SURREY – Use of the word “retarded” during a Surrey Board of Trade-hosted allcandidates meeting on Oct. 29 brought Surrey First’s Mike Starchuk a lot of heat.
The first-time council candidate was speaking about freezing taxes during the meeting at the time of the comment. Starchuk said when firefighters go into a building when everyone is running out, that’s pretty stupid, but running into a building with fewer people than needed is “retarded.”
During the meeting, TeamSurrey council candidate Stephen Gammer immediately called him out for the comment.
“When he made the comment, I did say afterward that I thought it was inappropriate because I personally have had people with mental illnesses and handicaps in my life,” Gammer said.
Starchuk apologized at the meeting, he added, which Gammer took as being sincere.
“I think it’s something he feels quite badly about saying.
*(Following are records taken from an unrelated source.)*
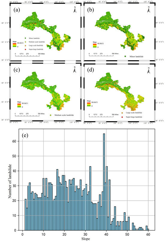 Slopes are a significant factor in the development of landslide hazards. When a slope is not steep, the probability of failure is minimal. Conversely, rocks and soil become unstable when a slope is very steep. This paper analyzed the slope information of the 1882 identified landslides as shown in Figure 13. Figure 13a presents the slope information for Gansu Province, highlighting that the southern part of the province has relatively steep slopes. In Figure 13b, we display the distribution of micro-landslides in Gansu Province. Figure 13c illustrates the distribution of medium-sized landslides. Finally, Figure 13d shows the spatial distribution of large and very large landslides. Additionally, the region along the eastern border with Qinghai Province also features steep slopes. The landslides identified by the model were primarily distributed in these steep-sloped areas. The statistical results in Figure 13e further illustrate that the majority of the landslides were found on slopes ranging from 20° to 40°, with the highest concentration at around 40°.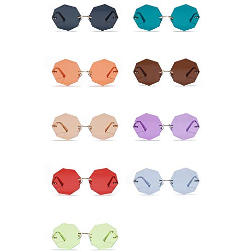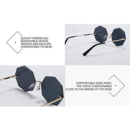 Polygon Rimless Sunglasses For Women Vintage Clear Colorful Lens Sun Glasses Octagonal Metal Sungshades For Men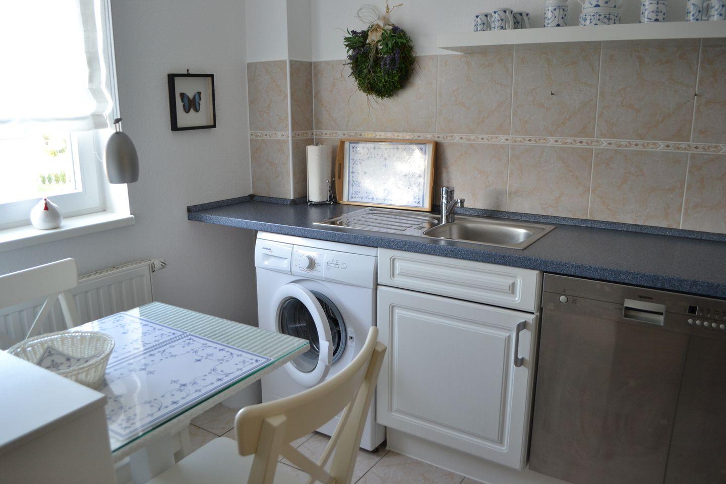 Küche mit kleinem Essbereich, Geschirrspülmaschine, Waschmaschine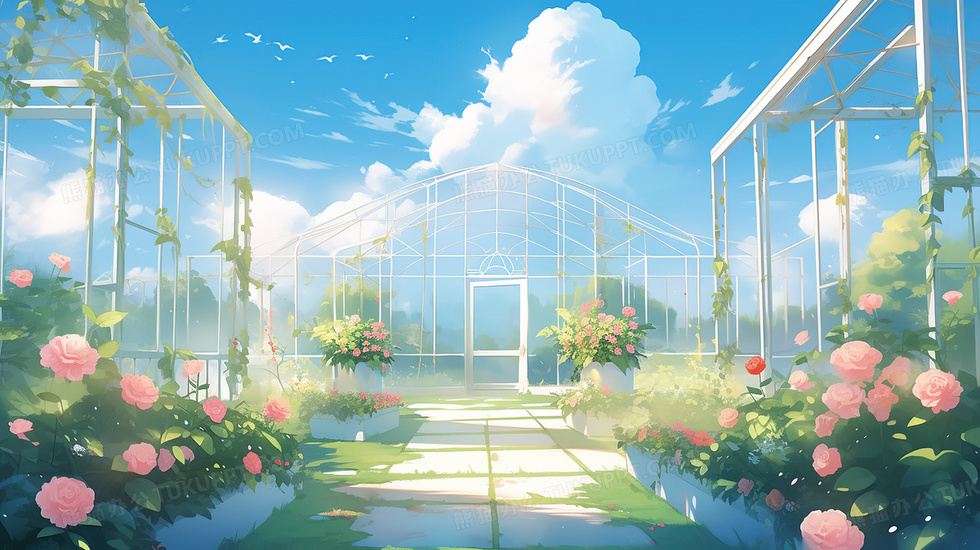 本作品内容为蓝天白云唯美梦幻玻璃花房下的粉色玫瑰花创意插画, 格式为 jpg, 大小6 MB, 图片尺寸为2912 x 1632, 源文件无水印, 欢迎使用熊猫办公。 如认为平台内容涉嫌侵权,可通过邮件:tousu@tukuppt.com提出书面通知,我们将及时处理。

And it’s tragic that he did say it.”
Doug McCallum and his Safe Surrey Coalition are taking issue with the “inappropriate slur” and are calling for the Surrey Fire Fighters to “justify” their endorsement of the candidate.
Starchuk is a co-founder of the Surrey Fire Fighters Charitable Society, which supports organizations such as the BC Special Olympics Society and the Down Syndrome Research Foundation.
SSC candidates Laurie Guerra and Beau Simpson have immediate family members with disabilities and say they were personally “disgusted” with the remark, said a press release.
“I have been an advocate for autism awareness since my son was diagnosed at the age of six,” Guerra said in a statement. “I was truly shocked to hear about Mr. Starchuk’s use of such a slur within a public forum.”
Simpson, whose sister has dealt with a physical and mental disability all her life, said “the use of that word is something that I find personally offensive.”
McCallum said Surrey Fire Fighters’ “silence” following the “outburst” is unacceptable.
“The obligation of the Surrey Fire Fighters to speak out rises above politics or an election campaign,” the mayoral hopeful said. “I call on the fire fighters to denounce such language publicly, as their current silence speaks volumes about the kind of commitment they have to the charitable causes they are involved with.”
Starchuk has since issued a public apology on his website and says the incident is no reflection on Surrey First or any organizations he’s involved with.
The former firefighter said Tuesday it was a “mistake” and an “error in judgment,” adding use of the word is out of his nature.
“If I could turn back time, I’d do so instantly,” he told the Now. “I’ve done everything I can in my power to right this.”
Starchuk said he’s received a lot of heat from people in the community, as well as on Twitter.
“I’ve replayed and replayed this over in my head, just like when you’re in a car accident,” he said.
Starchuk said he’s hopeful his background can speak for itself, which includes 32 years as a fire fighter, 20 years working with the Variety Club, as well as the Centre for Child Development during his time with the Surrey Fire Fighters Charitable Society.
“I understand the anger of those people that have friends or relatives in those positions and they’re probably sick and tired of hearing it that way. But at no time was it directed at that segment of the population,” Starchuk said.
Surrey Fire Fighters Association president Mike McNamara said, “Mike was the first person to acknowledge and apologize for using an inappropriate word to describe a situation. It is not a reflection of him or his views, and certainly doesn’t reflect his 18 years (working) with Variety Club, and as one of the founding directors of our Firefighter’s Charity.
“It was a poor choice of words from a great guy who is very deserving of our support. You will not meet a better guy in any of the political camps. I understand he has also placed a public apology on his website,” McNamara added.